• **Material shown**
★ ★ ★
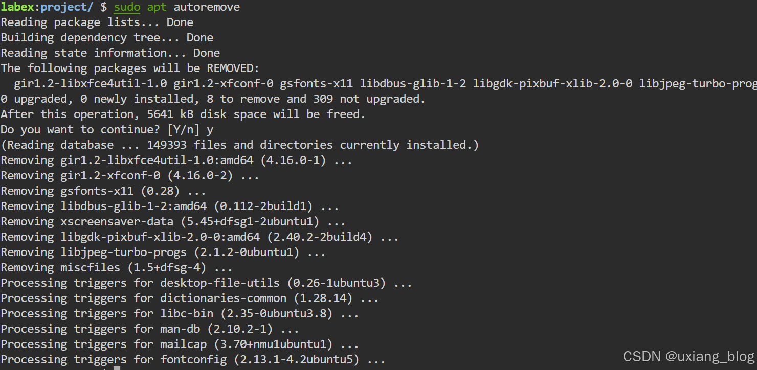 移除软件包后,最好也清理掉所有不必要的依赖项,方法如下:
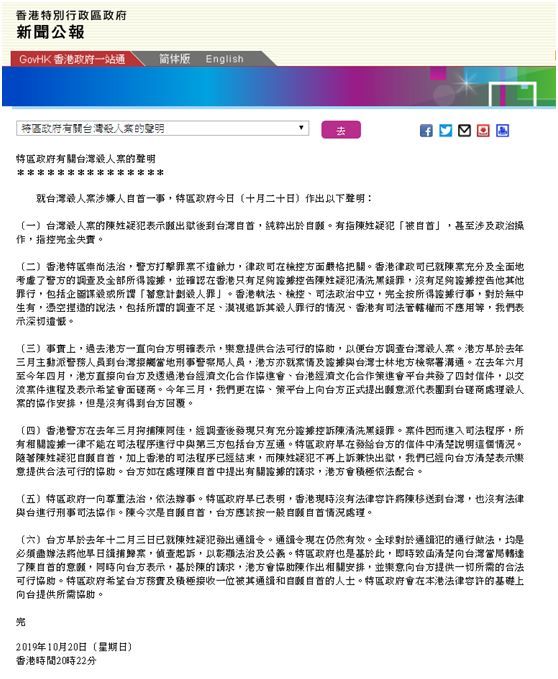 20日晚,香港特区政府声明表示,过去港方一直向台方明确表示,乐意提供合法可行的协助,以便台方调查台湾杀人案。今年三月,港方更在协、策平台上向台方正式提出愿意派代表团到台磋商处理杀人案的协作安排,但是没有得到台方回复。随着陈姓疑犯自愿自首,加上香港的司法程序已经结束,而陈姓疑犯不再上诉兼快出狱,港方已经向台方清楚表示乐意提供合法可行的协助。台方如在处理陈自首中提出有关证据的请求,港方会积极依法配合。
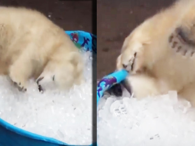 La osita de 10 meses se ha convertido en toda una sensación en las redes sociales con este baño en una piscina de hielo.
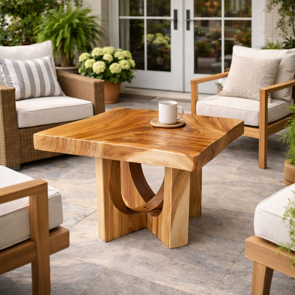 Mesa Decorativa Rústica con Pedestal Escultural, Diseño Único en Madera Suar de Alta Calidad, Pulida, con Patas Delicadas y Forma Especial para Decoración del Hogar
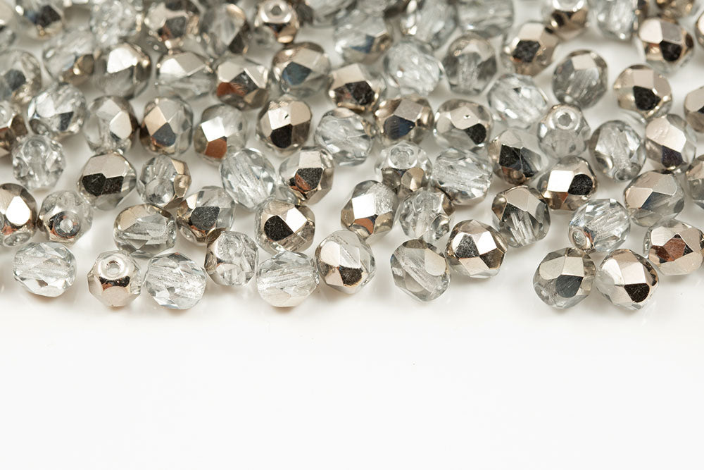 Czech Fire Polished 6mm Crystal Argentic Round Beads
★ ★ ★
• **About this task**
Copy everything in the records above except the pictures, exactly as written.

• **Answer to this exercise**
 移除软件包后,最好也清理掉所有不必要的依赖项,方法如下:
 20日晚,香港特区政府声明表示,过去港方一直向台方明确表示,乐意提供合法可行的协助,以便台方调查台湾杀人案。今年三月,港方更在协、策平台上向台方正式提出愿意派代表团到台磋商处理杀人案的协作安排,但是没有得到台方回复。随着陈姓疑犯自愿自首,加上香港的司法程序已经结束,而陈姓疑犯不再上诉兼快出狱,港方已经向台方清楚表示乐意提供合法可行的协助。台方如在处理陈自首中提出有关证据的请求,港方会积极依法配合。
 La osita de 10 meses se ha convertido en toda una sensación en las redes sociales con este baño en una piscina de hielo.
 Mesa Decorativa Rústica con Pedestal Escultural, Diseño Único en Madera Suar de Alta Calidad, Pulida, con Patas Delicadas y Forma Especial para Decoración del Hogar
 Czech Fire Polished 6mm Crystal Argentic Round Beads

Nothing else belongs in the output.